** Record set **

BEGIN

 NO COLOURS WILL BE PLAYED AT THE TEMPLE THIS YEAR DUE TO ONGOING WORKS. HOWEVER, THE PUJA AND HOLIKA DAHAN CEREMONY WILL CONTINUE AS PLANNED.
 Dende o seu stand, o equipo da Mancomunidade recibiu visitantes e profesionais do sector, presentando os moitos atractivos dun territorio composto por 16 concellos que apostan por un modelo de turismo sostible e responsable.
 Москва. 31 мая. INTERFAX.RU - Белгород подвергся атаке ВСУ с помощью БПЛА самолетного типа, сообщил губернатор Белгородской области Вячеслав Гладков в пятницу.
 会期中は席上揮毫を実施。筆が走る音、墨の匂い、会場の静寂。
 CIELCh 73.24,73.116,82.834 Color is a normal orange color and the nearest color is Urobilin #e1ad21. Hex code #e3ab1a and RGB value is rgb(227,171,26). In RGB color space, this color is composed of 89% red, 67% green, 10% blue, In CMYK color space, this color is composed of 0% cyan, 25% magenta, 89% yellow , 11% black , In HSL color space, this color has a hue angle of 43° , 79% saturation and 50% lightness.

END
BEGIN

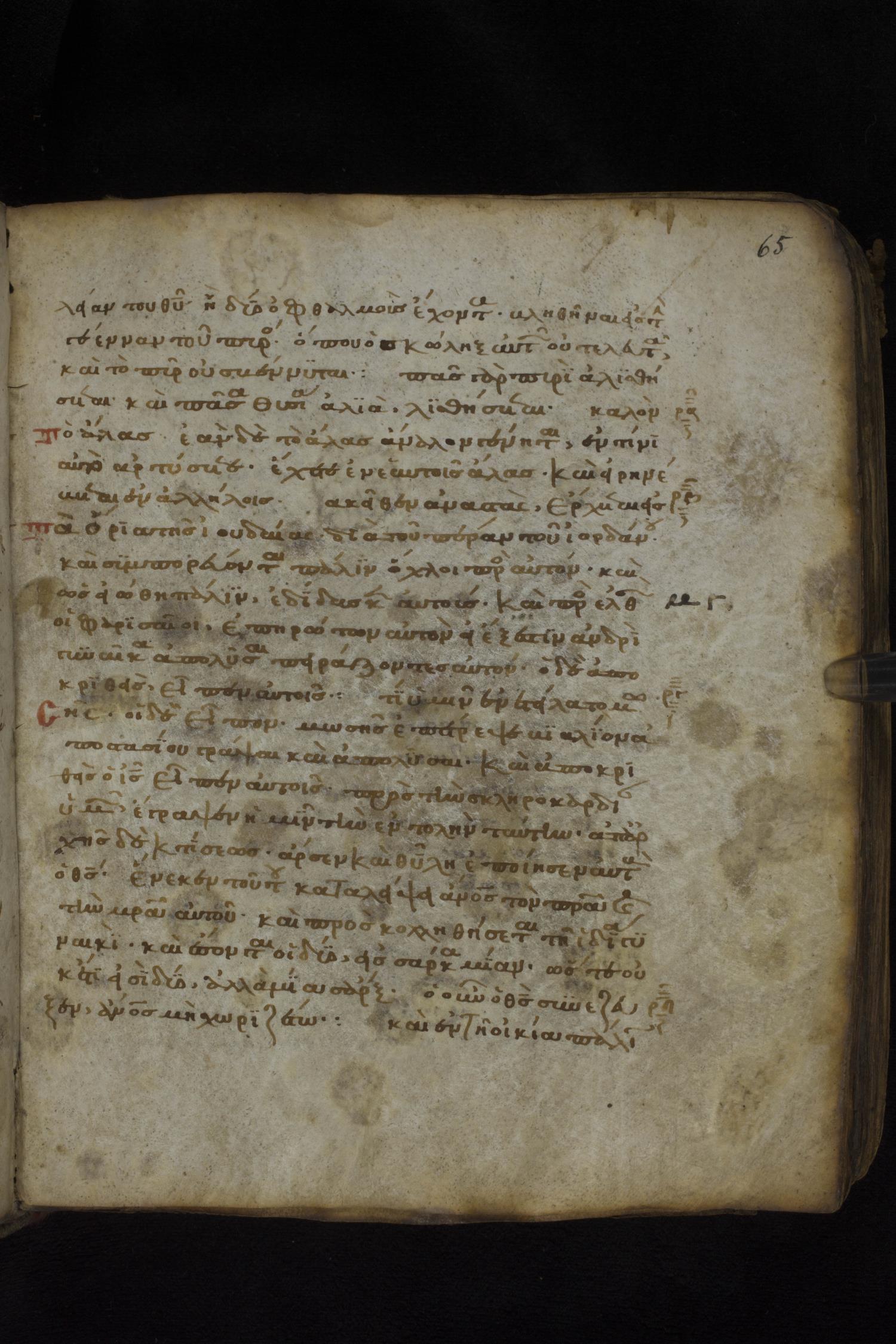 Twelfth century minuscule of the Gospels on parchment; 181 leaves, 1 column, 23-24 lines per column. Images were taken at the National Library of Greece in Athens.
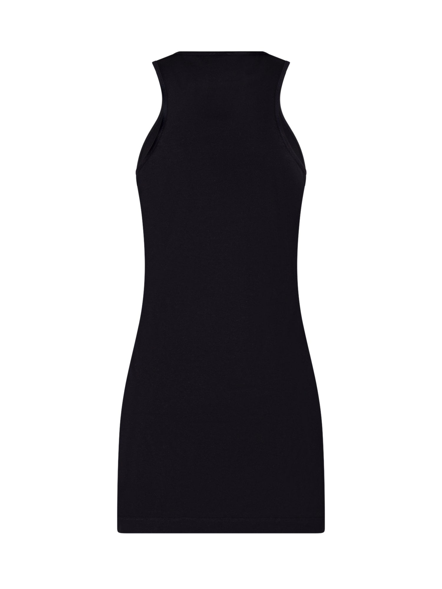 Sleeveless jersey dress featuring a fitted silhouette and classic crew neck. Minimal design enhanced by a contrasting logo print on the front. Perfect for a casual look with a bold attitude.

END

** What this task involves **
A verbatim transcription is needed of the lines above, starting at the line with "NO COLOURS WILL" and ending at the line with "会期中は席上揮毫を実施。筆が走る音、墨の匂い、会場の静寂。", both included, and of nothing else.

** Written solution **
 NO COLOURS WILL BE PLAYED AT THE TEMPLE THIS YEAR DUE TO ONGOING WORKS. HOWEVER, THE PUJA AND HOLIKA DAHAN CEREMONY WILL CONTINUE AS PLANNED.
 Dende o seu stand, o equipo da Mancomunidade recibiu visitantes e profesionais do sector, presentando os moitos atractivos dun territorio composto por 16 concellos que apostan por un modelo de turismo sostible e responsable.
 Москва. 31 мая. INTERFAX.RU - Белгород подвергся атаке ВСУ с помощью БПЛА самолетного типа, сообщил губернатор Белгородской области Вячеслав Гладков в пятницу.
 会期中は席上揮毫を実施。筆が走る音、墨の匂い、会場の静寂。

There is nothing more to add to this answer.